Wikipedia in a brand new way
“This analysis
allows the world to take a step back from the individual articles and
text to gain a forest view of the tremendous knowledge captured in
Wikipedia, not just a page by page tree view. We can watch how one of
the largest collections of human knowledge has evolved and see what we
could never see before, such as global sentiment at a certain time and
place, or where there might be blind spots in the knowledge coverage, ”

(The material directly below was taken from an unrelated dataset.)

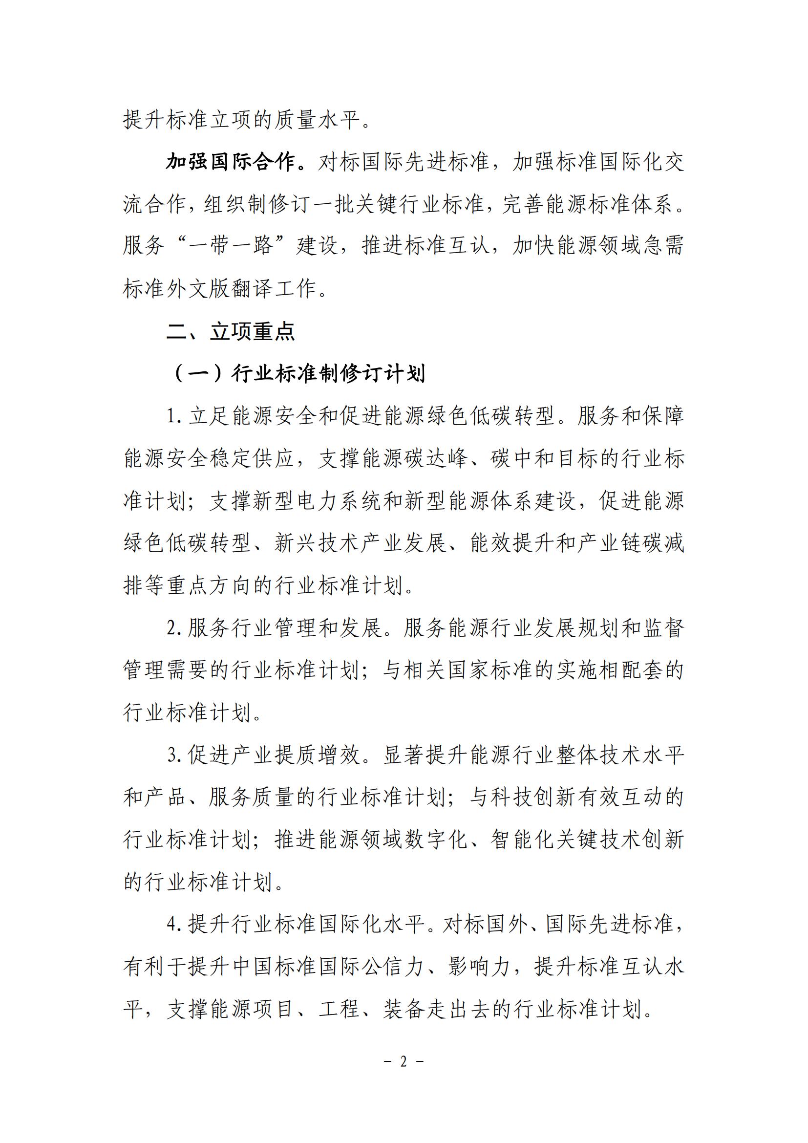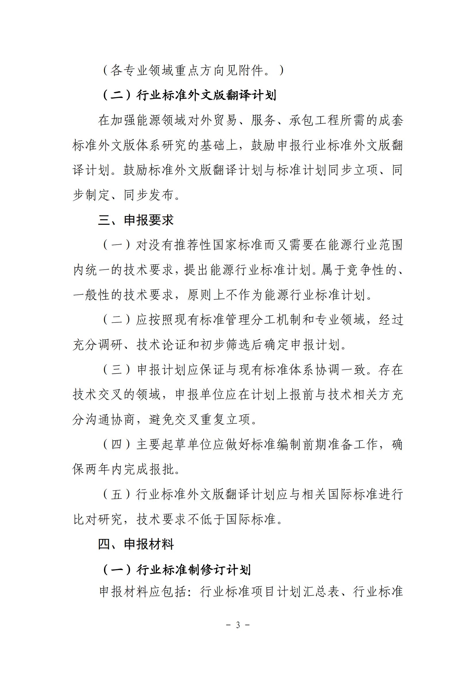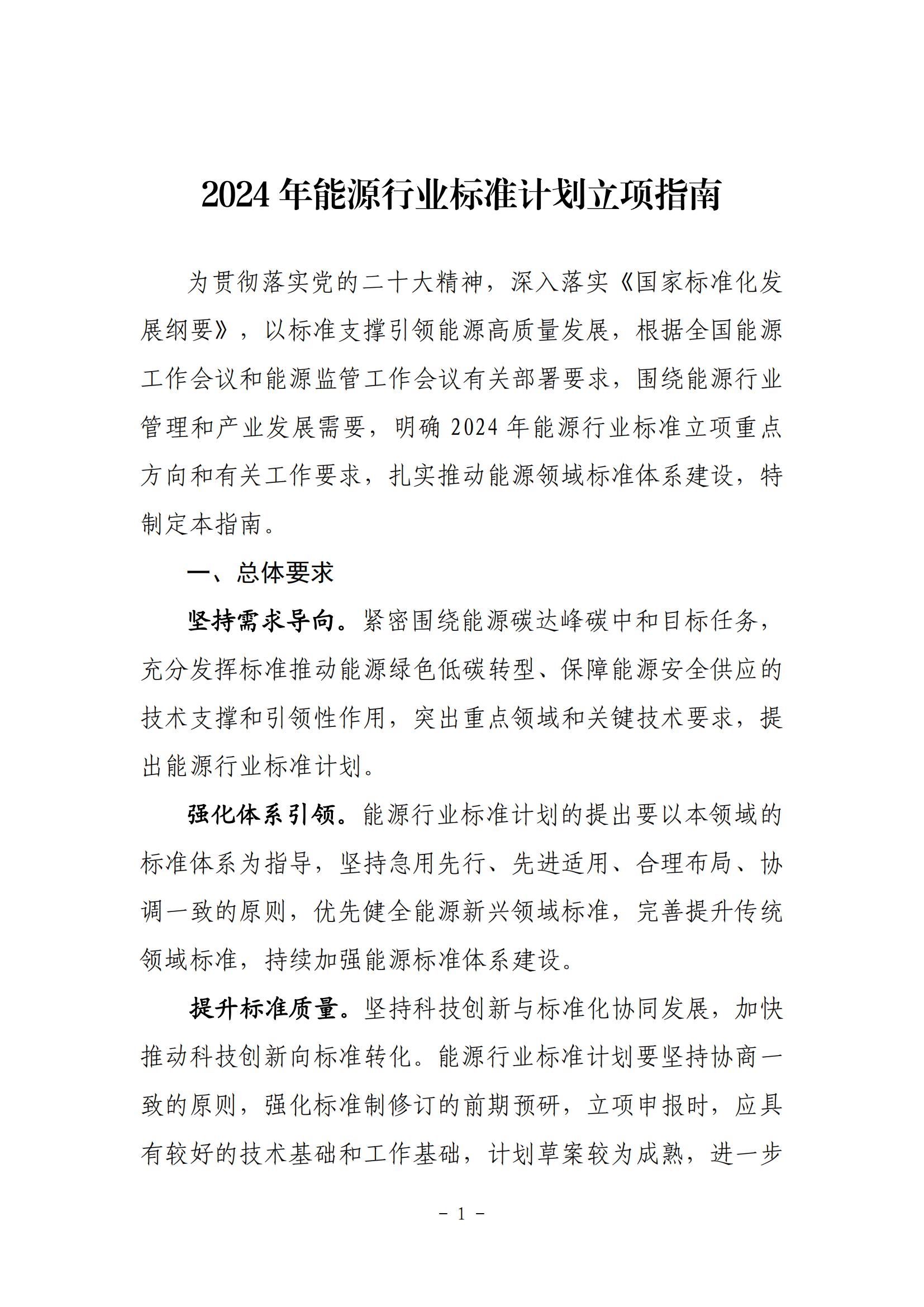 2月23日,國家能源局綜合司關(guān)于印發(fā)《2024年能源行業(yè)標(biāo)準(zhǔn)計劃立項指南》的通知。 根據(jù)通知,立項重點包括立足能源安全和促進能源綠色低碳轉(zhuǎn)型。服務(wù)和保障 能源安全穩(wěn)定供應(yīng),支撐能源碳達峰、碳中和目標(biāo)的行業(yè)標(biāo) 準(zhǔn)計劃;支撐新型電力系統(tǒng)和新型能源體系建設(shè),促進能源 綠色低碳轉(zhuǎn)型、新興技術(shù)產(chǎn)業(yè)發(fā)展、能效提升和產(chǎn)業(yè)鏈碳減 排等重點方向的行業(yè)標(biāo)準(zhǔn)計劃。 申報要求 (一)對沒有推薦性國家標(biāo)準(zhǔn)而又需要在能源行業(yè)范圍 內(nèi)統(tǒng)一的技術(shù)要求,提出能源行業(yè)標(biāo)準(zhǔn)計劃。屬于競爭性的、 一般性的技術(shù)要求,原則上不作為能源行業(yè)標(biāo)準(zhǔn)計劃。 (二)應(yīng)按照現(xiàn)有標(biāo)準(zhǔn)管理分工機制和專業(yè)領(lǐng)域,經(jīng)過 充分調(diào)研、技術(shù)論證和初步篩選后確定申報計劃。 (三)申報計劃應(yīng)保證與現(xiàn)有標(biāo)準(zhǔn)體系協(xié)調(diào)一致。存在 技術(shù)交叉的領(lǐng)域,申報單位應(yīng)在計劃上報前與技術(shù)相關(guān)方充 分溝通協(xié)商,避免交叉重復(fù)立項。 (四)主要起草單位應(yīng)做好標(biāo)準(zhǔn)編制前期準(zhǔn)備工作,確 保兩年內(nèi)完成報批。 (五)行業(yè)標(biāo)準(zhǔn)外文版翻譯計劃應(yīng)與相關(guān)國際標(biāo)準(zhǔn)進行 比對研究,技術(shù)要求不低于國際標(biāo)準(zhǔn)。 全文見下:

said Franz Aman, chief marketing officer and head of strategy, SGI. “We
love to use Google Earth because we can zoom out and get the big picture
view. With SGI UV 2, we can apply the same concept to Big Data to get
the big picture on our Big Data.”
From this analysis, Wikipedia is seen to have four periods of growth in
its historical coverage: 1001-1500 (Middle Ages), 1501-1729 (Early
Modern Period), 1730-2003 (Age of Enlightenment), 2004-2011 (Wikipedia
Era) and its continued growth appears to be focused on enhancing its
coverage of historical events, rather than increased documenting of the
present. The average tone of Wikipedia’s coverage of each year closely
matches major global events, with the most negative period in the last
1,000 years being the American Civil War, followed by World War II. The
analysis also shows that the “copyright gap” that blanks out most of the
twentieth century in digitized print collections is not a problem with
Wikipedia where there is steady exponential growth in its coverage from
1924 to today.
Enabling researchers to data-mine Big Data at the speed of Big Data
“The one-way nature of connections in Wikipedia, the lack of links, and
the uneven distribution of Infoboxes, all point to the limitations of
metadata-based data mining of collections like Wikipedia,” said Mr.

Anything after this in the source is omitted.